Provided data:
▽
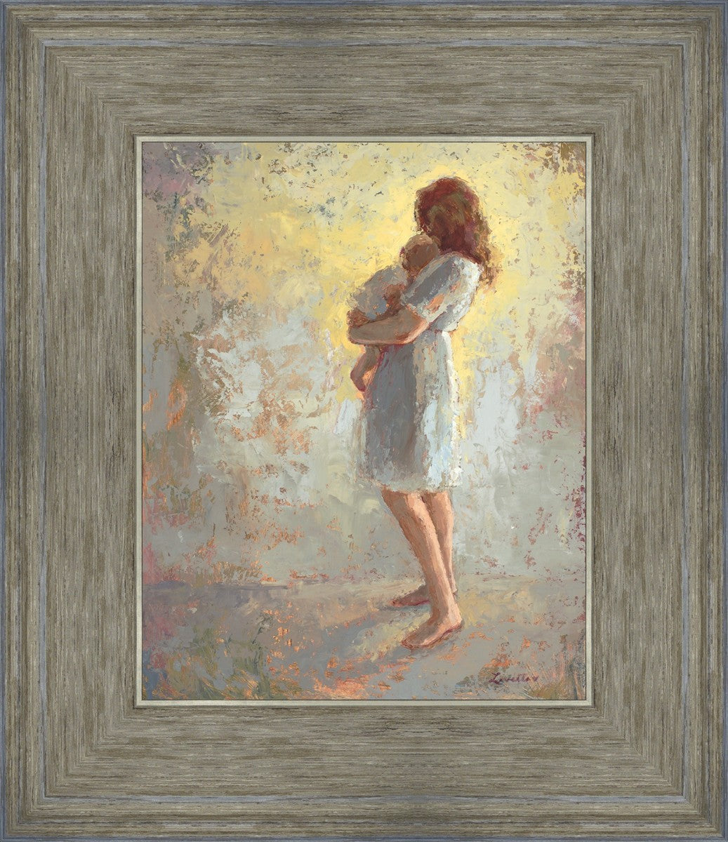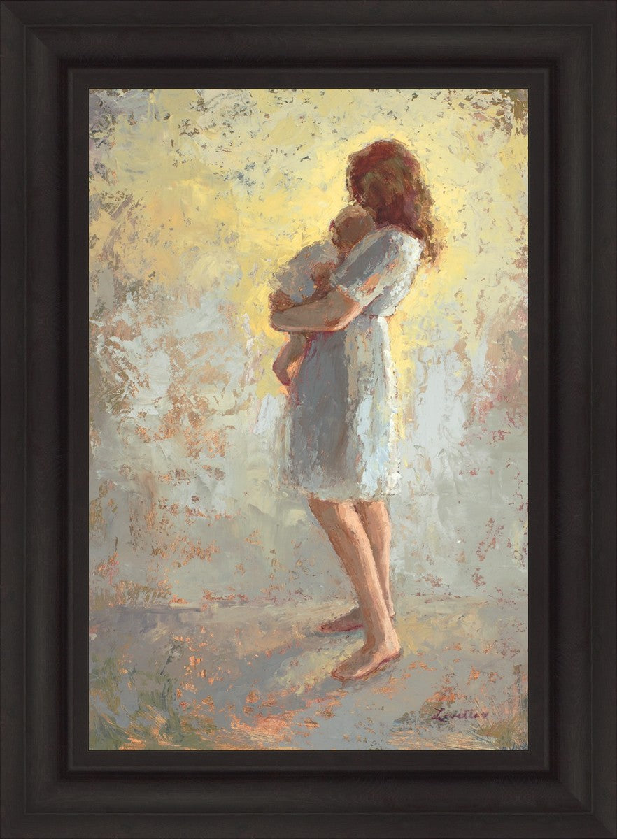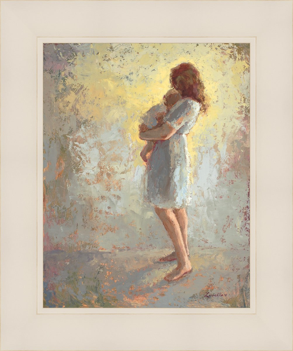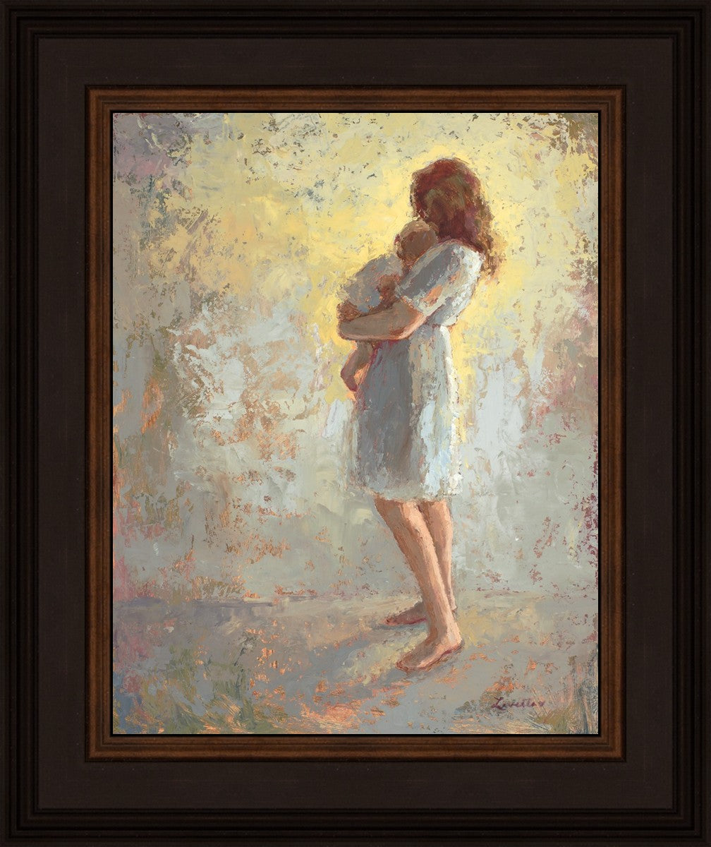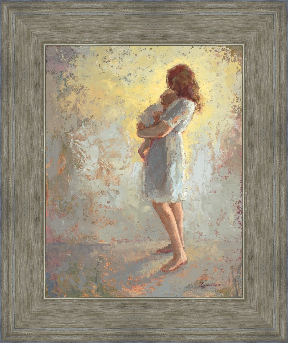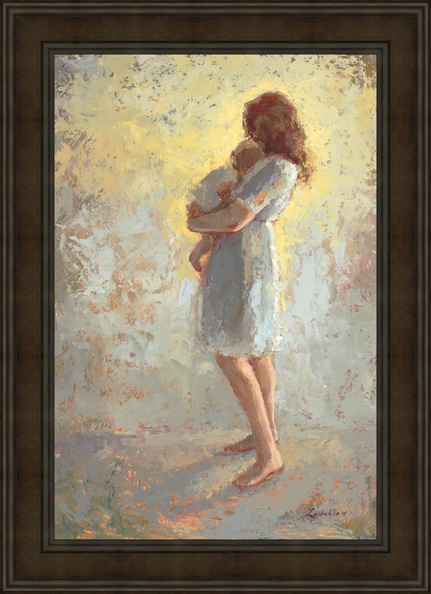 We Gather Sunshine by Lovetta Reyes Cairo beautifully portrays a mother tenderly holding her baby, radiating love and warmth. This touching painting captures the essence of motherhood, evoking feelings of joy, protection, and the precious bond between mother and child.
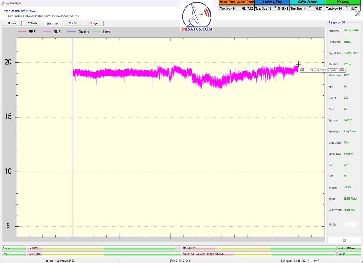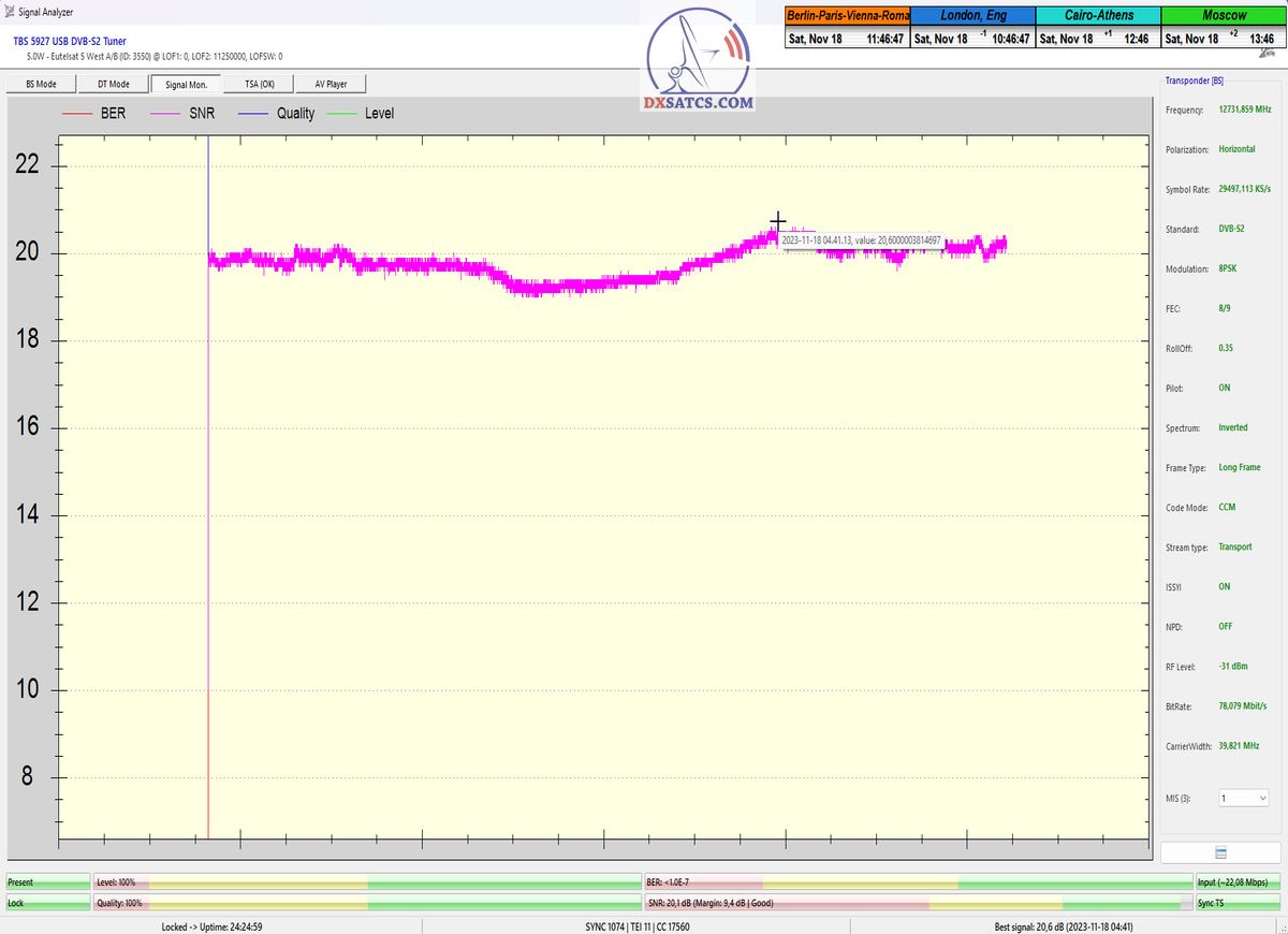 ►►Eutelsat 5 West B at 5.0°W-Transalpine-Multistream : Proving in the monitoring unit t=24 hours
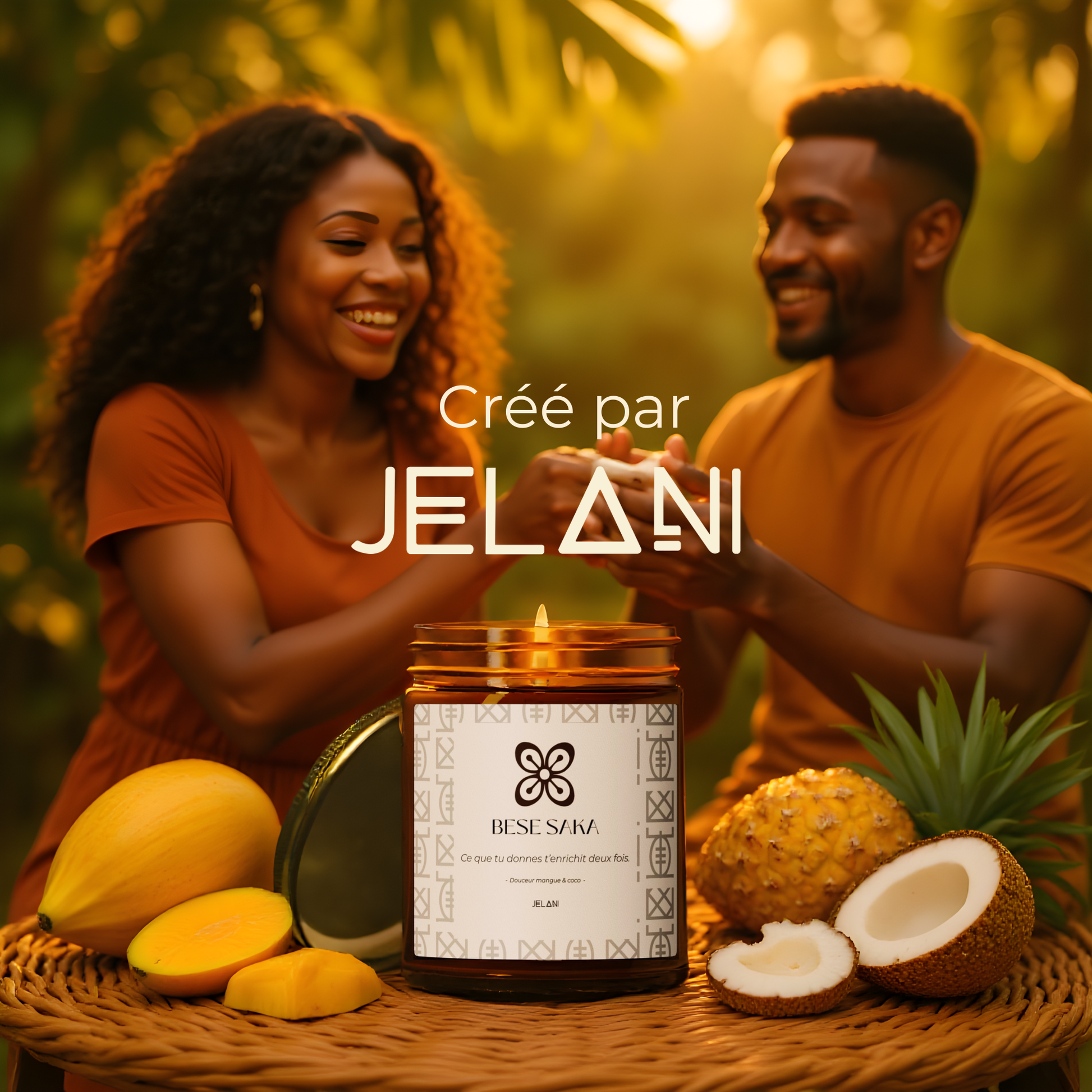 - Une fragrance Mangue & Coco douce, exotique porté par le symbole Adinkra Bese Saka, associé à l’abondance et à la prospérité,
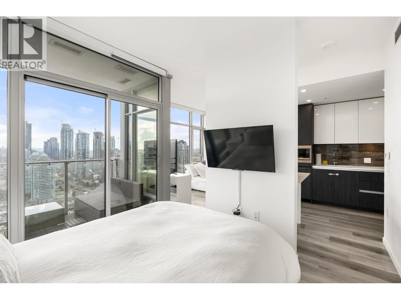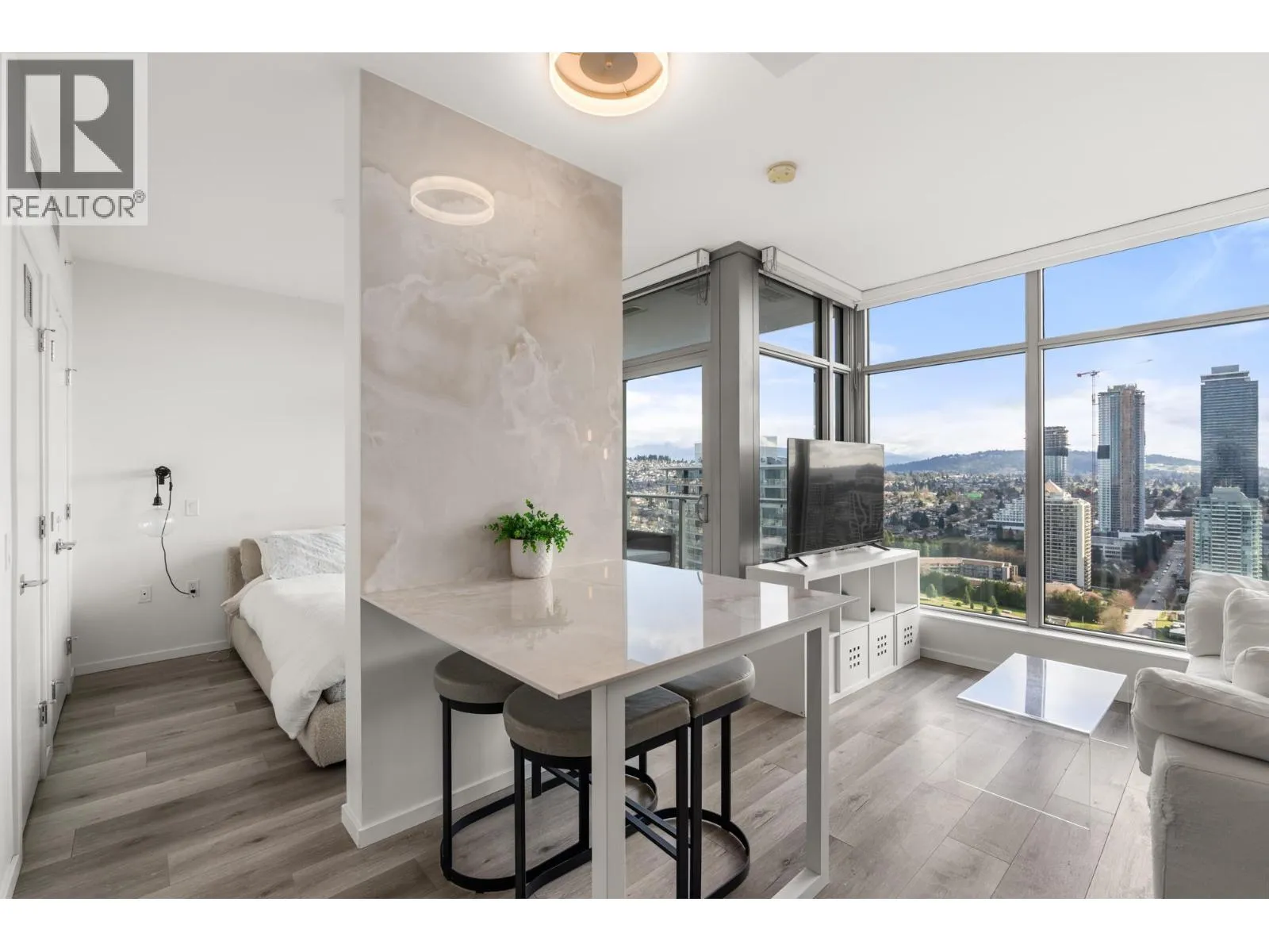 Welcome to Triomphe! This bright 1 bed, 486 square ft home features 9' ceilings, central air conditioning, Bosch appliances, in-suite laundry, 1 parking, and a BONUS two storage lockers for added convenience. Enjoy stunning views of the North Shore Mountains from this thoughtfully designed residence, loaded with upgrades to maximize function - custom built-in stone dining table, closet organizers in the oversized WIC, and glass shower door. Triomphe offers over 13,000 square ft of world-class amenities including an outdoor pool, jacuzzi, sauna, steam room, fitness center, two guest suites, BBQ terrace, fire pit, and more. Located within walking distance to Brentwood Town Centre, Gilmore SkyTrain, restaurants, and shopping, with quick access to Willingdon Heights, BCIT, and SFU. (id:27476)
△
Copy out all the data exactly; skip the pictures.

 We Gather Sunshine by Lovetta Reyes Cairo beautifully portrays a mother tenderly holding her baby, radiating love and warmth. This touching painting captures the essence of motherhood, evoking feelings of joy, protection, and the precious bond between mother and child.
 ►►Eutelsat 5 West B at 5.0°W-Transalpine-Multistream : Proving in the monitoring unit t=24 hours
 - Une fragrance Mangue & Coco douce, exotique porté par le symbole Adinkra Bese Saka, associé à l’abondance et à la prospérité,
 Welcome to Triomphe! This bright 1 bed, 486 square ft home features 9' ceilings, central air conditioning, Bosch appliances, in-suite laundry, 1 parking, and a BONUS two storage lockers for added convenience. Enjoy stunning views of the North Shore Mountains from this thoughtfully designed residence, loaded with upgrades to maximize function - custom built-in stone dining table, closet organizers in the oversized WIC, and glass shower door. Triomphe offers over 13,000 square ft of world-class amenities including an outdoor pool, jacuzzi, sauna, steam room, fitness center, two guest suites, BBQ terrace, fire pit, and more. Located within walking distance to Brentwood Town Centre, Gilmore SkyTrain, restaurants, and shopping, with quick access to Willingdon Heights, BCIT, and SFU. (id:27476)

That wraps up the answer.